I have not made any reference to the use of rolled iron for structural purposes, because such material has not been used to any extent in mill architecture. Irrespective of questions of space or of strength, wood beams possess advantages in the reduction of vibration, facility of securing the plank above and hangers below, and a great many other purposes in the changing and alterations of a mill, which render them peculiarly useful, and I believe that the results with Southern pine beams in American mills are much superior to those of the iron beams in European mills.

No small part of the success attending the use of rolled iron in the structural purposes for which it is adapted, has been due to the excellent and reliable engineering information contained in the manuals and catalogues issued by the rolling mills. Such works are reliable and clear, and, as far as I know, can without exception be safely followed.

The general tendency of American mill construction is toward as low buildings as the price of land will admit. The American mills being devoted to a large variety of operations, instead of being confined to a single process after the manner of those of European type, require a great deal more care in their organization, not merely in the original lay-out for the purpose of arranging for the passage of the stock in processes from the raw material to the finished product in as straight lines as possible, but due consideration should also be given to providing facilities for the enlargement of the mill.

As an illustration of the methods employed, in a paper mill plan of my own design, [the view and plan being thrown on the screen], the various operations containing processes of different hazard in regard to fire are completely isolated from each other by means of fire walls, and the storage of the mill is in turn isolated from the manufactory.

The storehouse consists of three sections, the largest section for paper stock, which is sorted in the upper story, the second section, one story in height, for other manufacturing supplies, and beyond the fire wall the storehouse is arranged to contain the finished paper. Goods can be taken away from or added to the storehouse at the single line of teams, or railroad siding.

After the stock leaves the sorting room, it is carried to the dusting room over a covered bridge, which is protected from the weather on one side, yet does not form a flue for the spread of fire as does a closed bridge.

The first room in the main mill is used for a dusting room, and thence the stock falls into the rotary bleach, whence it is carried through the fire doors to the engine room. Here it meets the wood pulp and clay wheeled from the middle section of the storehouse, which is on that same level. After washing and beating, the stock is run into the drainers below, whence it is raised again, and after suitable intermediate processes the pulp is converted into paper on the paper machine in the connecting building. This paper is then taken into the upper part of the main building, and after being dried on the lofts is suitably calendered and packed before being transferred into the extreme end of the storehouse to await shipment.

At the present time it has been found that an inclined roof of the olden type is not a necessity over a paper machine, as has been decreed by the tradition passed down from old practices.
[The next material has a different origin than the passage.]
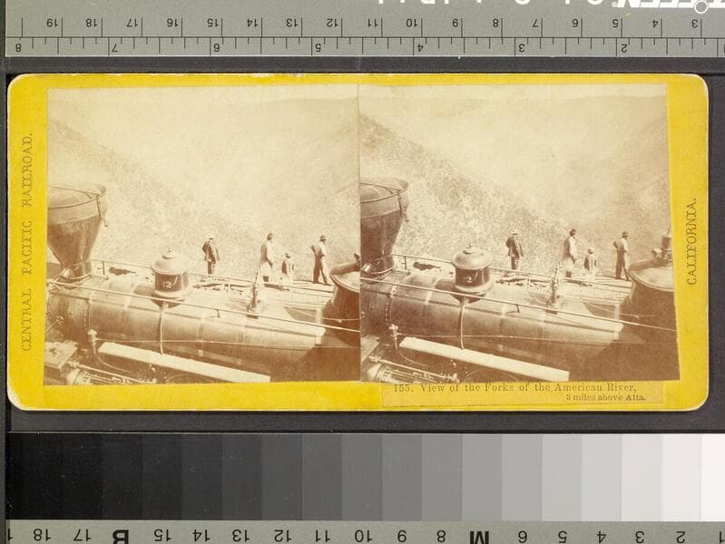 This collection contains 372 stereographic photographs (including some variants and duplicates) by photographer A. A. Hart that document the construction of the western half of first transcontinental railroad by the Central Pacific Railroad between 1864 and 1869. The collection includes all but seven of the original series, numbered from 1 to 364 by Hart (lacking 193, 323, 333, 358, 359, 362, and 364). The images chronicle the advancement of the railroad over 742 miles in California and the Sierra Nevada Mountains, Nevada, and Utah. The majority of the photographs are views of mountains, lakes, rivers, and forested areas (some with stumps from clear-cutting in the foreground), often with railroad tracks running through the center of the images. In addition, there are also images of locomotives, Chinese and other workers, equipment, bridges, tunnels, frontier and mining towns, construction camps, as well as some images of Native Americans, including Paiute and Shoshone Indians. The stereographs primarily contain Hart's own Sacramento imprint with series titles including: "Scenes in the Sierra Nevada Mountains"; "Scenes in the Valley of the Sacramento"; "Scenes in the Washoe Range"; "Scenes on the Humboldt River"; and "Scenes near Great Salt Lake". Interspersed in the collection are stereographs published without credit to Hart by Frank Durgan and Carleton E. Watkins.

Within the last year, a number of flat roofs have been placed over paper machines, without any trouble ensuing from condensed water forming on the ceiling and thence dropping upon the stock. It is well known that the use of a flat roof in such places is attended with a great many mechanical conveniences; and the pitched roof hitherto used for these purposes has been submitted to, only because it was presumed to be necessary. The whole tendency of mill design is in the line of fitness of means to ends, in the simplest and most direct manner.

When the mills in Lowell were first built, they consisted of isolated buildings, which it was presumed would remain for all time; but when it became necessary to increase the plant, it was found that the engineer had wisely laid out the mills in the same yard in reference to a fixed grade, so that corresponding floors would meet when the buildings were extended so that they reached each other.

Wherever a strong and diffused light is necessary for any manufacturing process, or the conditions are such as to require unusual stability of the building, one-story mills lighted by monitors afford accommodations not reached by any other form of construction.